Vor dem Strandübergang Nr. 33 in Wenningstedt steht eines der vielen weißen Hinweisschilder, das einen ersten Überblick über die Lage der Naturschutzgebiete, deren Pflanzenwelt und die Geologie vermittelt.
Dieses 1979 ausgewiesene Gebiet dient laut Gesetz dem Schutz und der Erhaltung der Heide, der Dünen und den erdgeschichtlichen Besonderheiten im Roten Kliff. Mit knapp 2 km2 ist die bis zum Haus „Kliffende“ in Kampen reichende Heide- und Dünenlandschaft eines der kleineren Naturschutzgebiete auf Sylt.

Vogelkoje

Vogelkojen dienten in den letzten zwei Jahrhunderten dem Wildentenfang. Dieser war eine der wenigen, wichtigen Nahrungs- und Erwerbsquellen für die Sylter Bevölkerung. Noch bis 1913 fing man in Kampen etwa 25.000 Enten, bevor die Koje 1935 unter Naturschutz gestellt wurde. Heute verbindet die modernisierte Vogelkoje Natur und Kultur: es gibt erstmals eine Ausstellung zu den Besonderheiten des Naturschutzgebietes. Die Kampener Koje ist der Sylter Ruhepol zwischen Wald und Wattenmeer.
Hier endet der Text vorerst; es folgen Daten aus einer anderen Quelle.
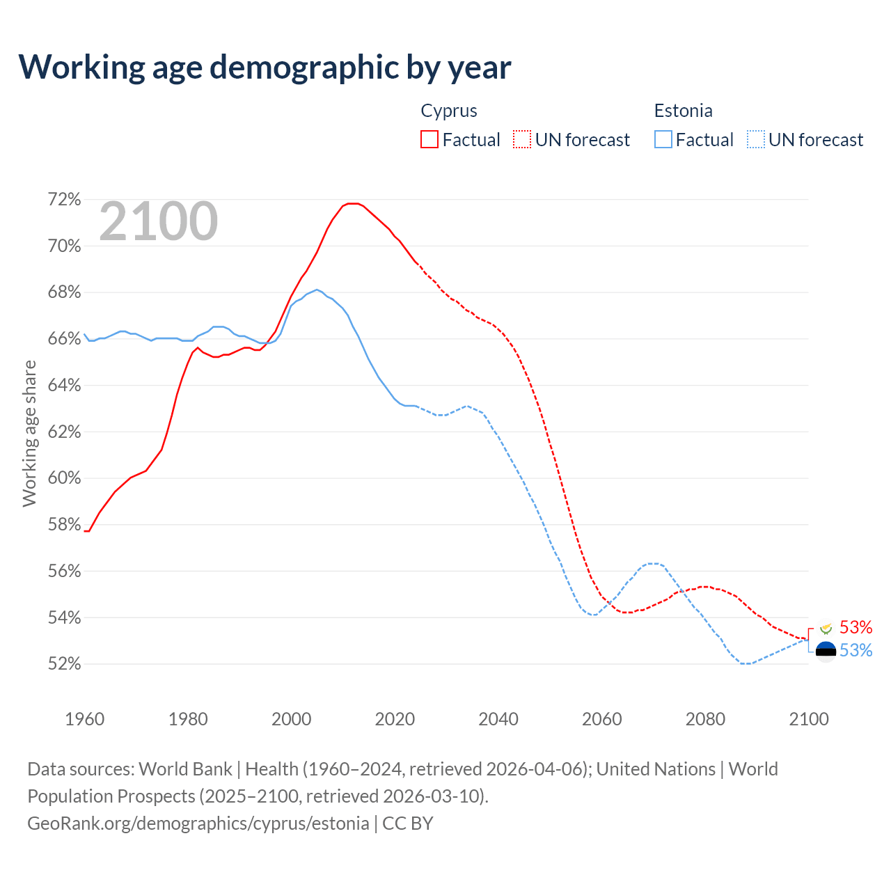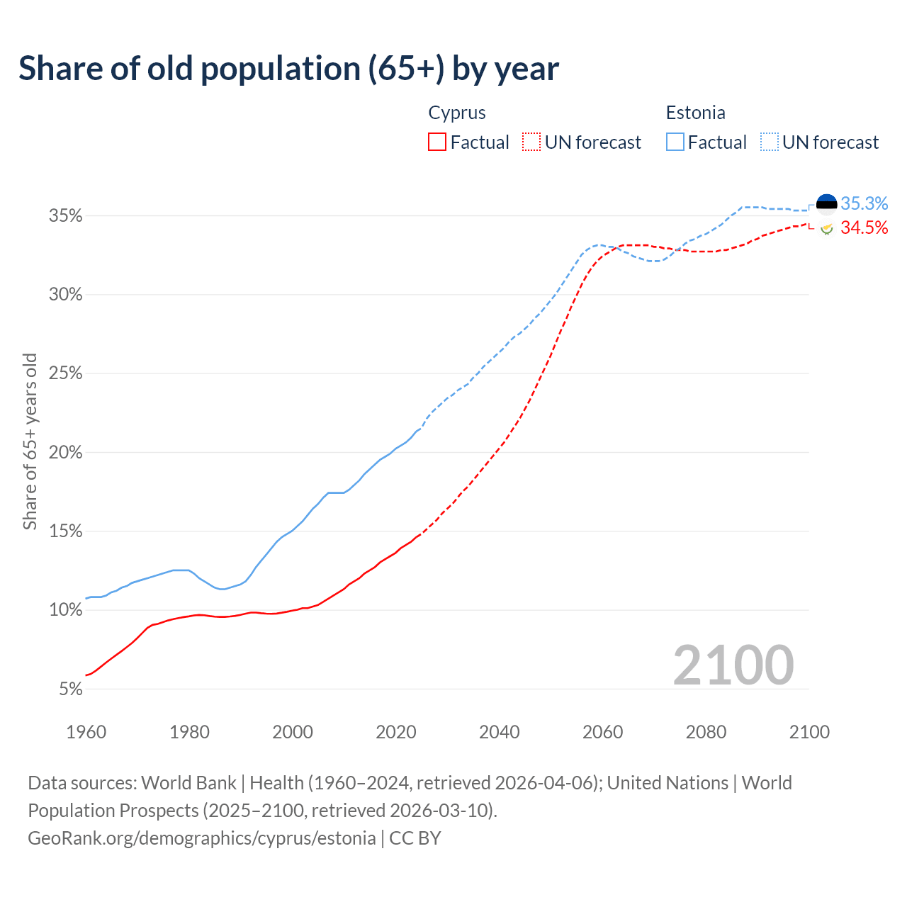 Median age Cyprus vs Estonia, 1960-2100

Das Naturschutzgebiet Nielönn-Sylt

Nördlich von Kampen, dort wo die Hohe Geest mit einem alten, längst zugewachsen Kliff endet, erstreckt sich über eine Breite von mehreren hundert Metern eine Schwemmlandwiese.
Diese dient dem Erhalt und Schutz von Vorlandbildungen.
Das gesamte Gebiet umfasst Salzwiesen mit verschiedenster Flora und Fauna, Sandflächen und nördlich von Kampen die bevorzugten Beobachtungsplätze der Vogelfreunde.

Naturschutzgebiet Nord-Sylt

Die 1796 ha große Dünenlandschaft, bestehend aus einem abwechslungsreichen Areal mit allen Übergängen von Dünenseen bis hin zu Wanderdünen, steht seit 1923 unter Naturschutz.